Using a custom embedFn / embed_fn:
- No OpenAI dependency required.
- Install and configure whichever embedding provider you choose.
- Your function must return a plain list/array of floats (the embedding vector). All vectors in one EcoAI instance must have the same dimension.
Dashboard behavior
When semantic caching is active:
- The Cache hits card shows both totals: e.g.

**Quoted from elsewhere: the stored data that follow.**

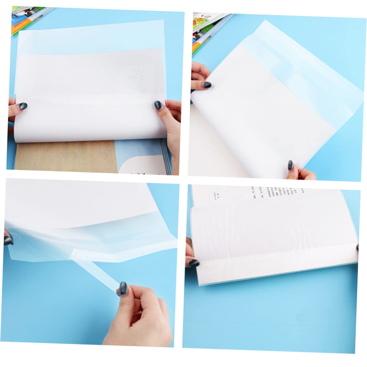 Jede Folie ist aus stabilem PP-Material gemacht und misst etwa 38 x 27 x 0,2 cm. Die sind richtig wasserdicht und halten auch mal ausversehen verschüttete Getränke ab. Und das Beste: Die Hüllen sind komplett transparent, sodass du dein Buch sofort erkennst und die coole Covergestaltung immer noch siehst.
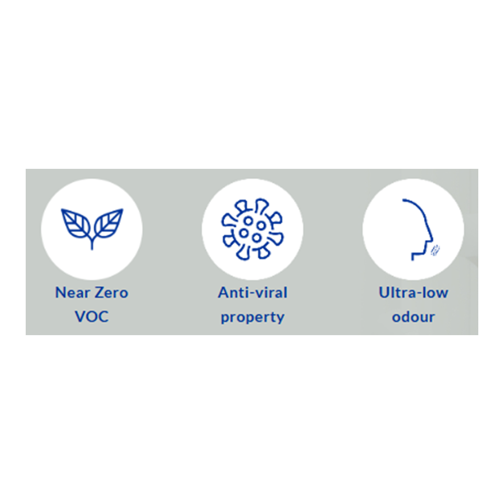 Odour-less Ultra Fresh Air is an ultra-premium interior paint with a refined matte finish, meticulously engineered to be virtually odour-free. It continuously enhances indoor air quality by absorbing harmful formaldehyde and incorporates advanced anti-viral properties. It has an extremely low odour during and after application, making it an excellent choice for repainting projects in occupied spaces.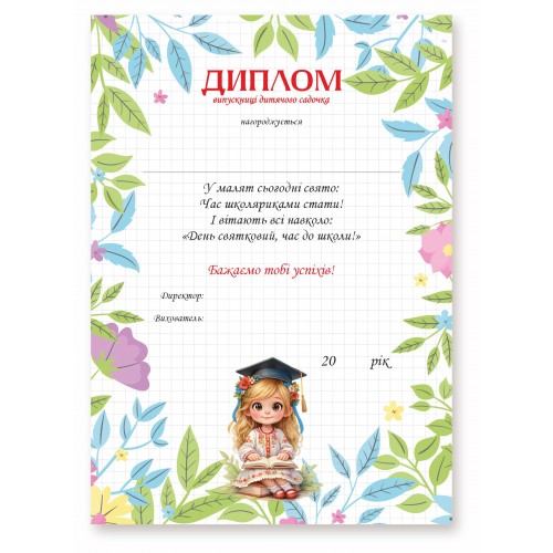 Ніжні та стильні дипломи для маленьких випускників — чудовий спосіб зберегти теплі спогади про дитинство. Окремі дизайни для хлопчика та дівчинки роблять кожен диплом особливим і більш персоналізованим. Легкий квітковий фон, милий дитячий ілюстративний стиль та продуманий текст створюють святковий настрій і підкреслюють важливість цього дня. Диплом доступний розміром А4 та А5. Надрукований на щільному папері 350г/м2. Для замовлення доступний вже готовий бланк диплому, який Ви зможете заповнити самостійно або по бажанню замовити іменний диплом в якому можна вставити назву ДНЗ і групи, прізвища та імена дітей, ПІБ директора, вихователів,тощо. Або прислати нам свій віршик. Вся друкована частина диплому змінна (тільки в іменних). Диплом на довго збереже Вам та Вашим діткам приємні спогади про випускний. Виготовлення диплому займає 3-5 робочих днів (терміни залежать від тиражу та завантаженості (квітень/травень завантаженість 101%).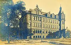 The school was established by the Loreto Sisters and opened in August 1906.[1] The school admitted its first African-American students in 1949.[2] As Woodlawn's demographics changed in the 1950s, the school's did as well.[3] By 1960, it had only ten Euro-American students and by the early 1970s it had a completely African-American student body.[3][2] The school closed in 1972.[2] The building was sold to the Woodlawn Community Development Corporation and served as substance abuse treatment center called Entry House.[1][4][5] Entry House closed in 2012,[5] and the building was sold at a foreclosure auction on October 28, 2019.[6] It was included in Preservation Chicago's 7 Most Endangered list in 2019.[1]
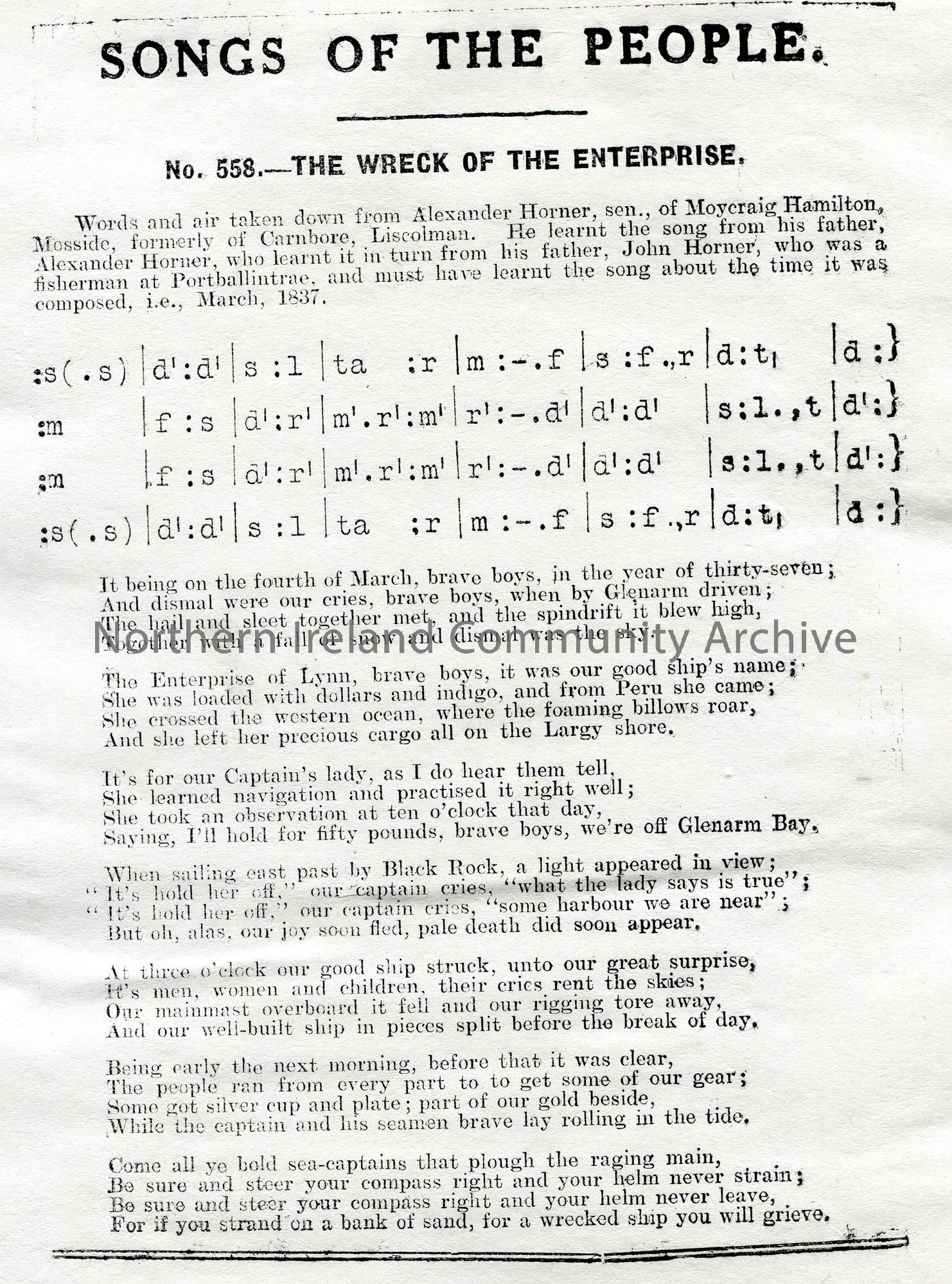 Songs of the People article of a tonic sol-fa notation and words to song titled, 'No. 558 - The Wreck of the Enterprise'. Words and air taken down from Alexander Horner, sen., of Moycraig Hamilton, Mosside, formerly of Carnbore, Liscolman. He learnt the song from his father, Alexander Horner, who learnt it from his father John Horner, who was a fisherman at Portballintrae, and must have learnt the song about the time it was composed i.e. March 1837.

8 semantic · 42 exact - The Prompts page → Semantic filter shows only semantic hits
- The Prompts page → Exact filter shows only exact hits
Excluding specific calls
Multimodal requests are automatically excluded. To bypass semantic matching for a specific text call, call the underlying provider client directly:
// JS — bypasses EcoAI entirely for this call
const response = await openai.chat.completions.create({ model: 'gpt-4o', messages: [...] });# Python — same idea
response = client.chat.completions.create(model="gpt-4o", messages=[...])Roadmap: A per-call override (
ecoai: { semantic: false }) is planned so you can bypass semantic matching without leaving theecowrapper. Until then, call the underlying client directly.
Storage of embeddings
Embeddings do not survive restarts
Embeddings are stored in-memory only — they are not persisted to SQLite or Redis. After a process restart:
- All your cached responses remain intact.
- The embedding index is empty. Semantic matching rebuilds gradually as new calls come in — each cache miss regenerates and stores the embedding.
In practice this means your semantic hit rate may dip briefly after a restart before recovering. Your exact-match hit rate is unaffected.
In multi-process deployments, each process builds its own embedding index independently. Use Redis storage so cached responses are shared across processes — but expect each process to rebuild its own in-memory embedding index over time.